Unqualified Reservations

If you're not reading this guy, you really ought to.

Example: http://unqualified-reservations.blogspot.com/
2008/05/ol5-shortest-way-to-world-peace.html 

Fortunately he posts infrequently, or I could never keep up.

-- Tim of Angle

He calls himself Mencius Moldbug, and in fact, I had not seen any of his writings before. The author insists that he is a Jacobite, and the enemy of progressivism. He is certainly familiar with a great deal of history. I have not previously read any modern essay that made reference to Defoe's The Shortest Way. A couple of sample paragraphs:

Adjusting the rules of war in this way is an excellent strategy for the 21st-century antimilitarist. He does not have to actually express support for the insurgents, as his crude predecessors of the 1960s did. (As Tom Hayden put it, "We are all Viet Cong now.") Today anyone who can click a mouse can learn that the NLF was the NVA and the NVA were cold-blooded killers, but this knowledge was controversial and hard-to-obtain at the time. The people who knew it were not, in general, the smart ones. "We are all al-Qaeda now" simply does not compute, and you don't hear it. But nor do you need to.

* * *

There was a funny article the other day in the Times. It seems Kuwaitis have noticed that they have democracy, that Dubai doesn't, and that the latter seems to be rather better off for it. (Don't miss the pictures of Kuwait's "financial district" - sidesplitting.) Not that Kuwait has much democracy. It's a constitutional monarchy. But Dubai is an absolute monarchy, and the difference is, um, remarkable. Especially since Kuwait has way more oil than Dubai.

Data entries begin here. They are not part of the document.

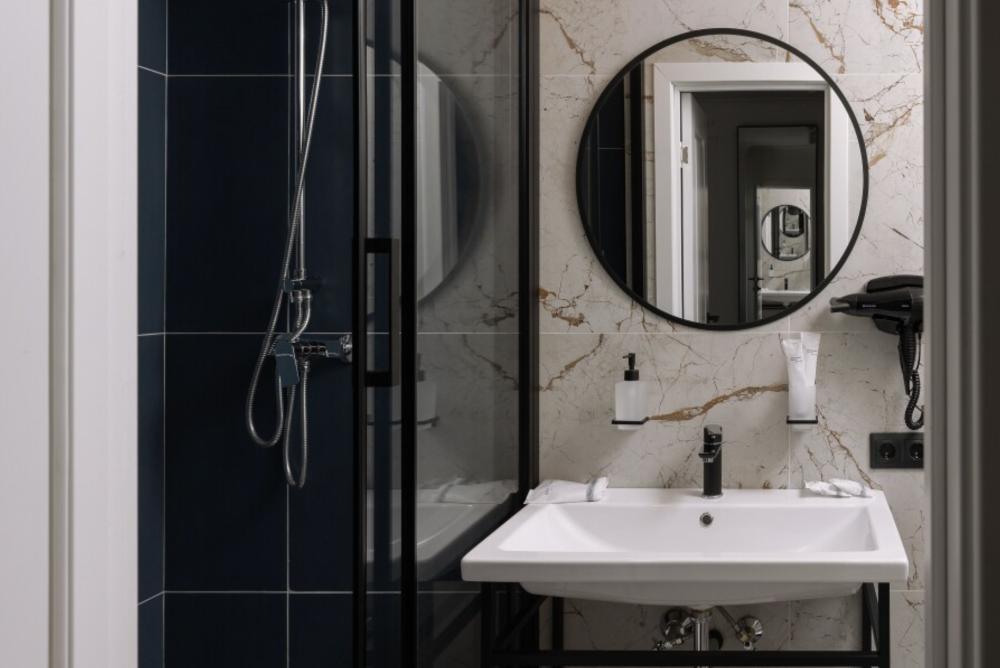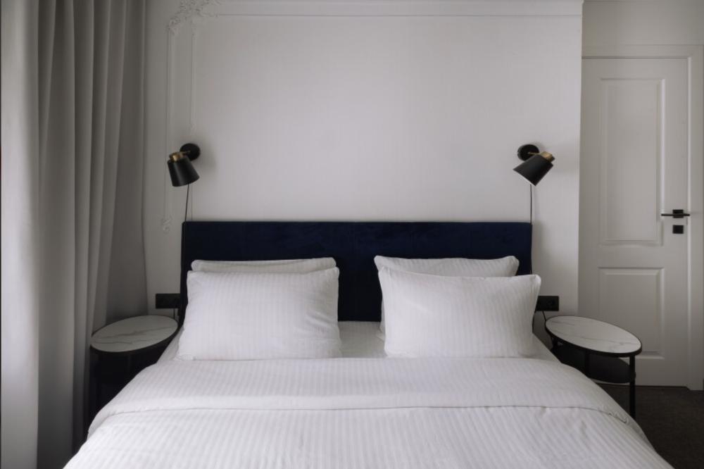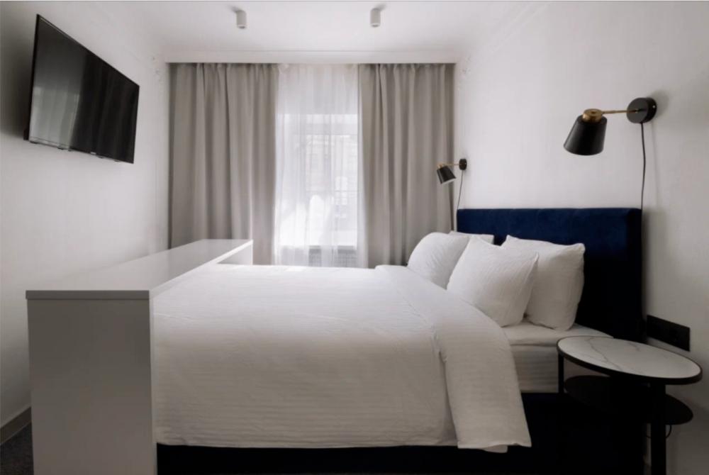 Уютный двухместный номер площадью с двуспальной кроватью (180 см на 200см), а также с кондиционером, электрическим чайником и телевизором, капсульной кофемашиной и камином. Номер расположен на мансарде. Из окон открывается вид на центральную улицу Большая Покровская.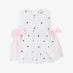 Lovely aqua blue blouse for girls by Phi Clothing, made in lightweight cotton poplin. Patterned in a gorgeous pink floral print, this top has dramatic large ruffle trims across the front and back, trimmed with intricate lace detailing. There is a single button fastening on the back.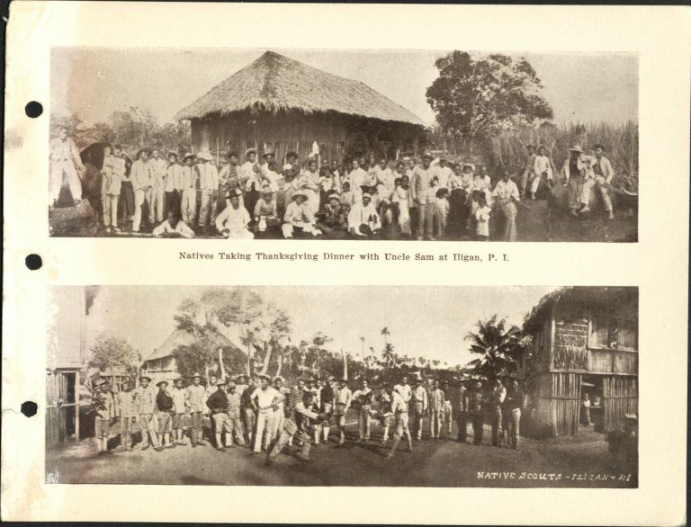 (Top) Natives taking Thanksgiving dinner with Uncle Sam at Iligan, P. I. (Bottom) Native scouts - Iligan - P. I.

He is, I would contend, a very strange kind of Jacobite, in that it's hard to discern just who should be the legitimate pretender. I infer that in 19th Century France he would have been called a Bonapartist, but perhaps I have not read enough. In any event, the cited article is not short, and it will take an hour or so to read; some of you will regard that as a wasted hour, and some will find it a great investment of time. If you begin reading and have any interest in the matter, read enough to be sure of what you are seeing: he winds into his subject like a serpent and it will take a while before you realize what he is doing.

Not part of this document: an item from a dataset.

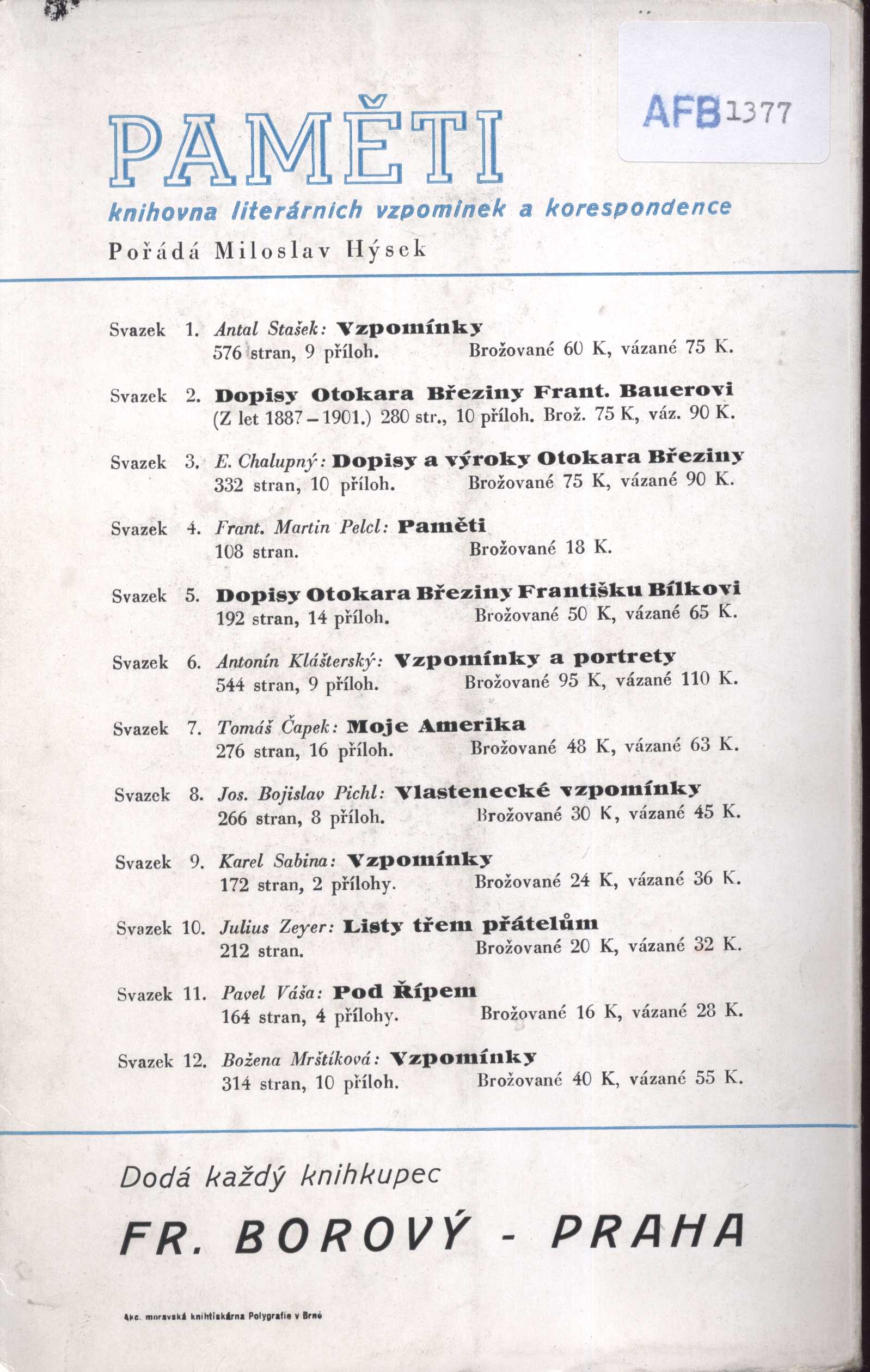 Názvové údaje O Janu Nerudovi / J. Arbes ; k vydání připravil a poznámkami opatřil Karel Polák ; graficky upravil Jaroslav Šváb Osobní jméno Arbes, Jakub, 1840-1914 (Autor) Další autoři Polák, Karel, 1903-1956 (Editor) (Autor komentáře textu) Šváb, Jaroslav, 1906-1999 (Knižní grafik) Korp. Melantrich (nakladatelství) (Nakladatel, vydavatel) Nakladatel Praha : Melantrich, 1952 Výrobce Kroměříž : Moravskoslez. tisk. 1001 Rozsah 213 stran Osobní hesla Neruda, Jan, 1834-1891 - novinář, básník, prozaik, překladatel Klíčová slova česká literatura * Neruda J. * fejetony * vzpomínky * recenze Počet ex. 7, z toho volných 7 Druh dok. monografie Signatura MEL 1264, MEL 1264a, KQ IV 38, P 65 b 42, P 136 f 21, M 147 f 35, Thon 3320 Názvové údaje Jan Neruda dnešku / František Buriánek ; [obálku navrhl Josef Paukert] Osobní jméno Buriánek, František, 1917-1995 (Autor) Další autoři Paukert, Josef, 1915-1991 (Autor obálky) Nakladatel Praha : Československý spisovatel, 1955 Rozsah 36 s. Osobní hesla Neruda, Jan, 1834-1891 - novinář, básník, prozaik, překladatel Klíčová slova česká literatura * Neruda J. * dílo * studie Počet ex. 1, z toho volných 1 Druh dok. monografie Signatura AČS 06012 Názvové údaje Neruda prozaik / Aleš Haman ; [obálku, vazbu a grafickou úpravu navrhl Milan Hegar] Osobní jméno Haman, Aleš, 1932-2023 (Autor) Další autoři Hegar, Milan, 1921-1987 (Grafický technik) (Autor obálky) Nakladatel Praha : Odeon, 1968 Rozsah 208 s. Osobní hesla Neruda, Jan, 1834-1891 - novinář, básník, prozaik, překladatel Klíčová slova česká literatura * studie * rozbor literárního díla * osobnosti * Neruda J. * r. 1968 Počet ex. 1, z toho volných 1 Druh dok. monografie Signatura MUK 1879 Názvové údaje Tři stálice moderní české prózy: Neruda, Čapek, Kundera / Aleš Haman ; [k vydání připravil Radim Kopáč ; obálka Kateřina Řezáčová ; grafická úprava Jan Šerých] Osobní jméno Haman, Aleš, 1932-2023 (Autor) Další autoři Kopáč, Radim, 1976- (Editor) Řezáčová, Kateřina, 1955- (Autor obálky) Šerých, Jan, 1972- (Knižní grafik) Korp. Nakladatelství Karolinum (Tiskař) Tiskárna nakladatelství Karolinum (Tiskař) Nakladatel Praha : Karolinum, 2014 Výrobce (tiskárna Nakladatelství Karolinum) Rozsah 346 s. Osobní hesla Neruda, Jan, 1834-1891 - novinář, básník, prozaik, překladatel * Čapek, Karel, 1890-1938 - spisovatel, dramatik, novinář * Kundera, Milan, 1929-2023 - prozaik a básník, esejista, literární teoretik, překladatel Klíčová slova česká próza * literatura * společnost * literární estetika * interpretace literárního díla * přijetí literárního díla * literárněvědné rozbory * Neruda J. * Čapek K. * Kundera M. * Česko * stol. 19.-21. * studie * stati * sborníky Počet ex. 1, z toho volných 1 Druh dok. monografie Signatura C12b 15553 Názvové údaje Od tvaru k smyslu textu : stylistické reflexe a interpretace / Karel Hausenblas ; uspoř. Alena Macurová a Petr Mareš ; rejstř. sestav. Petr Mareš ; graf. zpracov. Drahomíra Marešová ; foto na obálce Bohumila Tomková Osobní jméno Hausenblas, Karel, 1923-2003 (Autor) Další autoři Macurová, Alena, 1946- (Sestavovatel, kompilátor) Mareš, Petr, 1954- (Sestavovatel, kompilátor) (Bibliografický předchůdce) Marešová, Drahomíra, 19-- (Grafický technik) Tomková, Bohumila (Fotograf) Nakladatel Praha : Filozofická fakulta UK, 1996 Rozsah 226 s. Klíčová slova česká literatura * literární rozbor * literární kritika * styl * stylistika * Mathesius V. * Mukařovský J. * Neruda J. * stol. 19.-20. Počet ex. 1, z toho volných 0 Druh dok. monografie Signatura C12b 545 Názvové údaje Dva večery ze života : stará vzpomínka z mládí začátečníkova / Ignát Herrmann Osobní jméno Herrmann, Ignát, 1854-1935 (Autor) (Nakladatel, vydavatel) (Autor podpisu) (Dedikátor) Další autoři Topič, František, 1858-1941 (Dedikant) Korp. Unie (tiskárna) (Tiskař) Nakladatel [Praha] : nákladem vlastním, 1917 Výrobce tiskem Unie) Rozsah 8 s. : il. ; 23 cm Osobní hesla Neruda, Jan, 1834-1891 - novinář, básník, prozaik, překladatel Klíčová slova česká literatura * próza * povídka * Herrmann I. * autobiografická próza * Neruda J. Počet ex. 1, z toho volných 1 Druh dok. monografie Signatura Topič 0826 Názvové údaje Román lásky a cti : [dramatická montáž] / Jindřich Honzl ; [v grafické úpravě a obálce Františka Muziky ; s kresbou sceny Bohumila Němce] Osobní jméno Honzl, Jindřich, 1894-1953 (Autor) (Sestavovatel, kompilátor) Další autoři Neruda, Jan, 1834-1891 (Autor) Světlá, Karolina, 1830-1899 (Autor) Muzika, František, 1900-1974 (Grafický technik) Němec, Bohumil, 1912-1985 (Ilustrátor) Korp. Fr. Borový (firma) (Nakladatel, vydavatel) Akciová moravská knihtiskárna Polygrafie (Tiskař) Nakladatel Praha : Fr. Borový, 1941 Výrobce Akciová moravská knihtiskárna Polygrafie) Rozsah 85 - [III] s., [6] s. obr. příl. : il. ; 8° Osobní hesla Neruda, Jan, 1834-1891 - novinář, básník, prozaik, překladatel * Světlá, Karolina, 1830-1899 - spisovatelka Klíčová slova česká literatura * vzpomínková literatura * osobnosti * čeští spisovatelé * osobní korespondence * Neruda J. * Světlá K. * Podlipská S. * Holinová A. * stol. 19. Počet ex. 2, z toho volných 2 Druh dok. monografie Signatura MUK 2099, AFB 1377 Názvové údaje Jan Neruda / kritická studie Jiřího Karáska ze Lvovic Osobní jméno Karásek ze Lvovic, Jiří, 1871-1951 (Autor) (Autor podpisu) Další autoři Hynek, Alois, 1842-1909 (Nakladatel, vydavatel) Rokyta, J. (Tiskař) Nakladatel V Praze : Nakladatel Alois Hynek, knihkupec, b. d. Výrobce (J. Rokyta) Rozsah 78 s. Osobní hesla Neruda, Jan, 1834-1891 - novinář, básník, prozaik, překladatel Klíčová slova literární studie * Neruda J. * česká poezie * monografické publikace

I don't know any real Jacobites. It would be interesting to learn more about 21st Century Jacobism.

Wha wadna fight for Charlie?
Wha wadna draw the sword?
Wha wadna up and rally,
At their royal prince's word?
Think on Scotia's ancient heroes,
Think on foreign foes repell'd,
Think on glorious Bruce and Wallace,
Wha the proud usurpers quell'd.


Rouse, rouse, ye kilted warriors!
Rouse ye heroes of the north!
Rouse, and join your chieftain's banners,
'Tis your prince that leads you forth!